UNITED STATES DISTRICT COURT SOUTHERN DISTRICT OF FLORIDA
Apr 11, 2019
Case No. 18-CV-20557-GAYLES/OTAZO-REYES (S.D. Fla. Apr. 11, 2019)

Opinion

Case No. 18-CV-20557-GAYLES/OTAZO-REYES

04-11-2019

YADINA RUBI, Plaintiff, v. YESEIRA DIAZ, et al., Defendants.


AMENDED ORDER GRANTING DEFENDANTS' MOTION TO DISMISS

THIS CAUSE comes before the Court upon Defendants' Motion to Dismiss Plaintiff's Complaint for Judicial Review and Declaratory Relief [ECF No. 6] filed by Yeseira Diaz, Miami Field Office Director of the U.S. Citizenship and Immigration Services ("USCIS" or "the Agency"), and Kirstjen Nielsen, Secretary of the U.S. Department of Homeland Security (collectively, the "Defendants"). The Court has considered the parties' written submissions and the record and is otherwise fully advised. For the reasons that follow, the Motion is granted and this matter shall be dismissed.

I. BACKGROUND

Plaintiff, Yadina Rubi, is a citizen of Honduras and currently resides in Miami-Dade County, Florida. Plaintiff was admitted to the United States on a nonimmigrant B-2 Visa on November 23, 2007, and was authorized to remain in the United States until May 22, 2008. Plaintiff remained in the United States past the date of her authorized stay. On or about December 7, 2011, Plaintiff's employer submitted a Form I-140, Immigrant Petition for Alien Worker, on behalf of Plaintiff. USCIS approved the application on February 20, 2013. Plaintiff travelled outside of the United States on September 5, 2014, pursuant to a grant of advance parole authorized by USCIS. Plaintiff then reentered the United States on September 14, 2014, and was paroled until September 13, 2015. It is undisputed that Plaintiff was unlawfully residing in the United States from May 23, 2008, until September 5, 2014. On or about April 27, 2015, Plaintiff filed a Form I-485, Application to Register Permanent Residence or Adjust Status, pursuant to section 245(a) of the Immigration and Nationality Act ("INA"), 8 U.S.C. § 1255(a), as a preference employment-based immigrant. USCIS denied her application on November 18, 2015, for failure to continuously maintain lawful immigration status since entry.

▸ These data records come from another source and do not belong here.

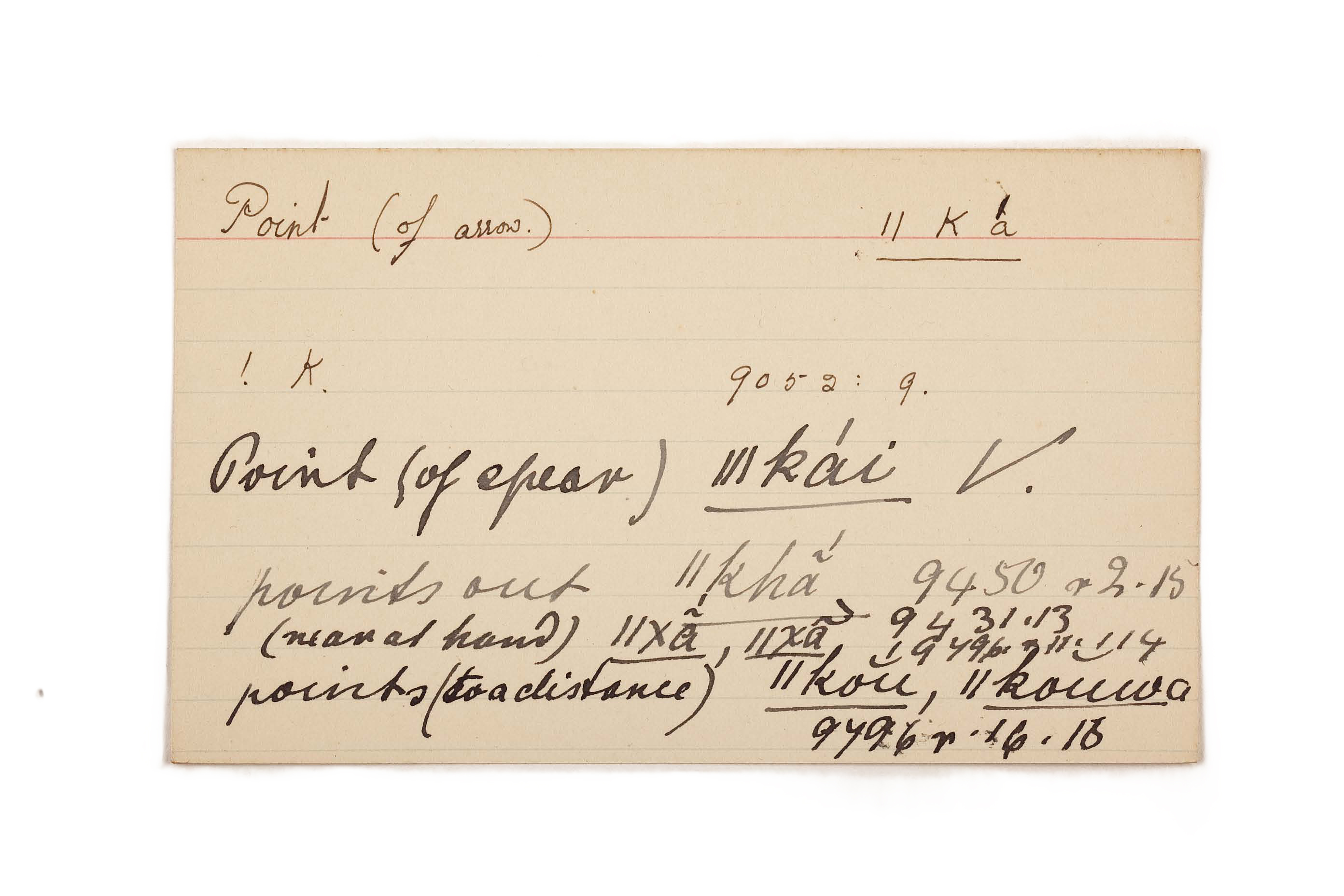 point (of arrow), point (of spear), points out (near at hand), points (to a distance)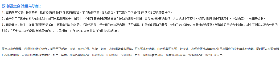 雙電磁離合器組采用DC24V電流,進口軸承、高級摩擦材質(zhì)(來令片)。兩個電磁離合器裝置于軸兩端,可裝置皮帶輪、鏈輪等元件。正反轉(zhuǎn)專用,結構非常獨特,安裝也極為簡便。緊湊的貫通軸結構,即兩個電磁離合器都裝置在同軸上,極其的合理配置產(chǎn)著各種部件;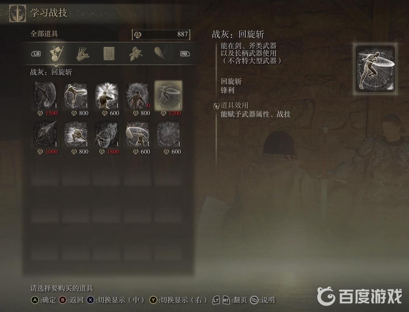 6、對話之後,可學習戰技,裡面就有戰灰:迴旋斬。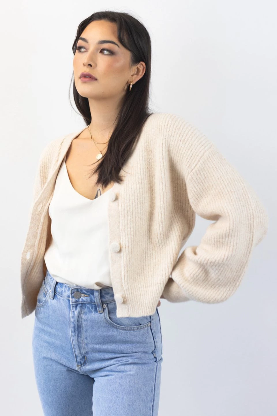 Beautiful and versatile, the Wholesome Knit Cardigan is a must-have in your wardrobe! this stylish cardigan features fashionable balloon sleeves. With a three-button closure, you can wear this beautiful cardigan on its own or layered over your favourite tops.

Plaintiff filed the instant action for judicial review of the denial of her application for adjustment of immigration status, brought pursuant to the Administrative Procedures Act ("APA"), 5 U.S.C. § 701 et seq., and for declaratory relief pursuant to 28 U.S.C. § 2201. See Complaint for APA Judicial Review and Declaratory Relief ("Compl.") [ECF No. 1]. Plaintiff asks this Court to accept jurisdiction over USCIS's denial and eligibility decision of Plaintiff's application to adjust status to that of a lawful permanent resident. She also requests a declaration that USCIS's denial of Plaintiff's application was arbitrary and capricious, or otherwise not in accordance with the law. Plaintiff claims she was eligible for adjustment of status by virtue of her last entry into the United States under a grant of advance parole on September 14, 2014. Plaintiff also seeks an order directing USCIS to re-adjudicate her application. Defendants move to dismiss arguing that the USCIS properly determined that Plaintiff was ineligible to adjust status, irrespective of her grant of advance parole, due to her failure to maintain continuous lawful status since her first entry into the United States.

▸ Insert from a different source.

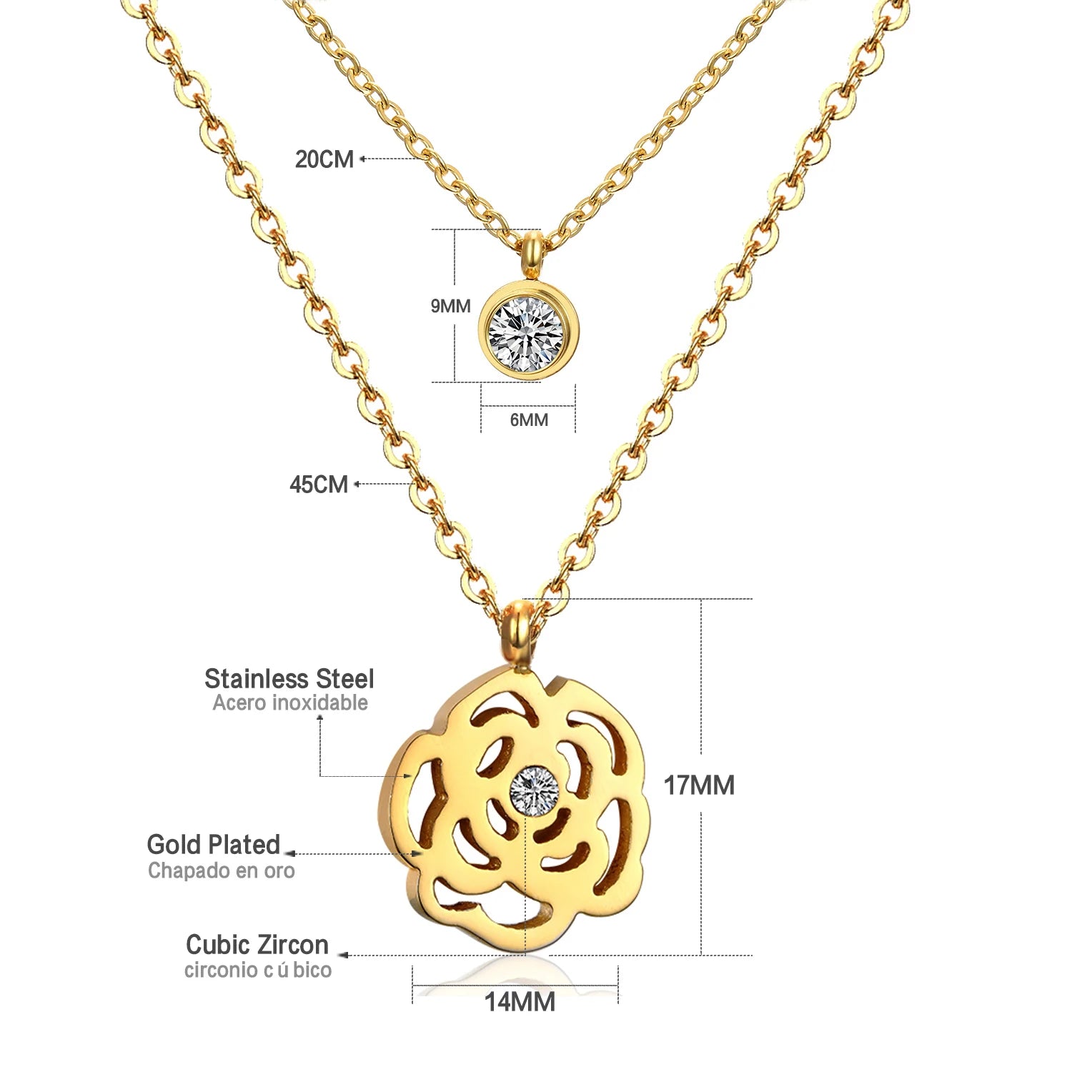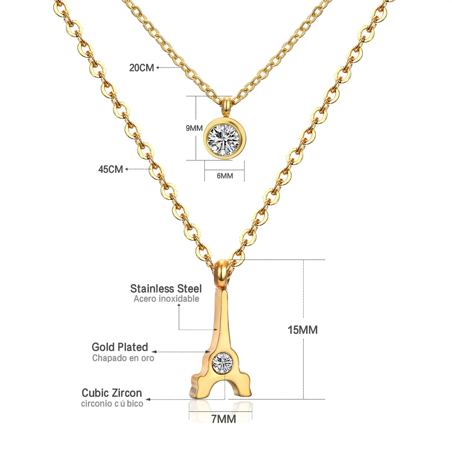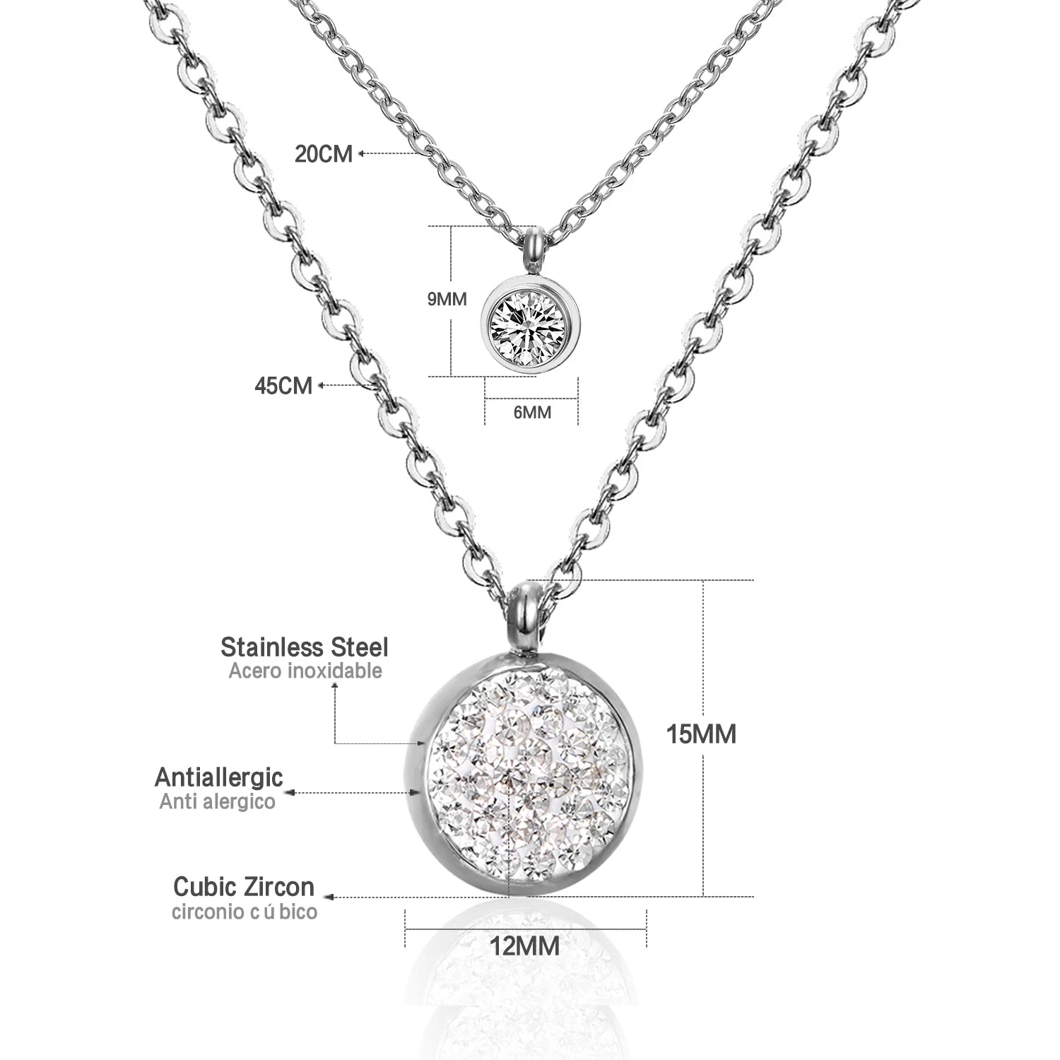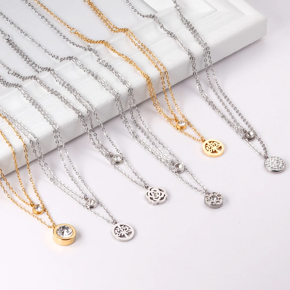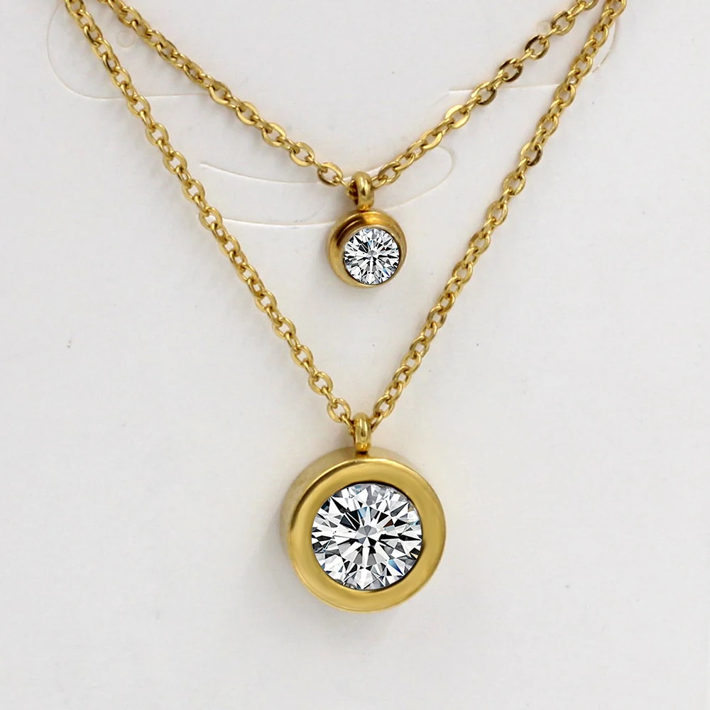 Collier multi rang acier inoxydable,colliers à pendentif Double couche en Zircon cubique pour femmes, bijoux dorés de luxe, ras du cou, en acier inoxydable

For the reasons stated infra Section II.B the Court has jurisdiction over the determination of Plaintiff's eligibility, but not for the purely discretionary act of denial of Plaintiff's application.

II. LEGAL STANDARDS

A. Motion to Dismiss

To survive a motion to dismiss brought pursuant to Federal Rule of Civil Procedure 12(b)(6), a complaint "must contain sufficient factual matter, accepted as true, to 'state a claim to relief that is plausible on its face.'" Ashcroft v. Iqbal, 556 U.S. 662, 678 (2009) (quoting Bell Atl. Corp. v. Twombly, 550 U.S. 544, 570 (2007)). A claim is considered facially plausible when the court is able to draw a reasonable inference that the defendant is liable based on the factual content pleaded by the plaintiff. Id. The "plausibility standard" requires there be "more than sheer possibility that a defendant acted unlawfully." Id. A determination of a claim's plausibility "is a context-specific task that requires the reviewing court to draw on its judicial experiences and common sense." Id. at 679. It is not enough for a complaint to recite the statutory elements of a cause of action. Id. at 678. Allegations within a complaint must be more than conclusory and must have a factual basis. Id. at 679.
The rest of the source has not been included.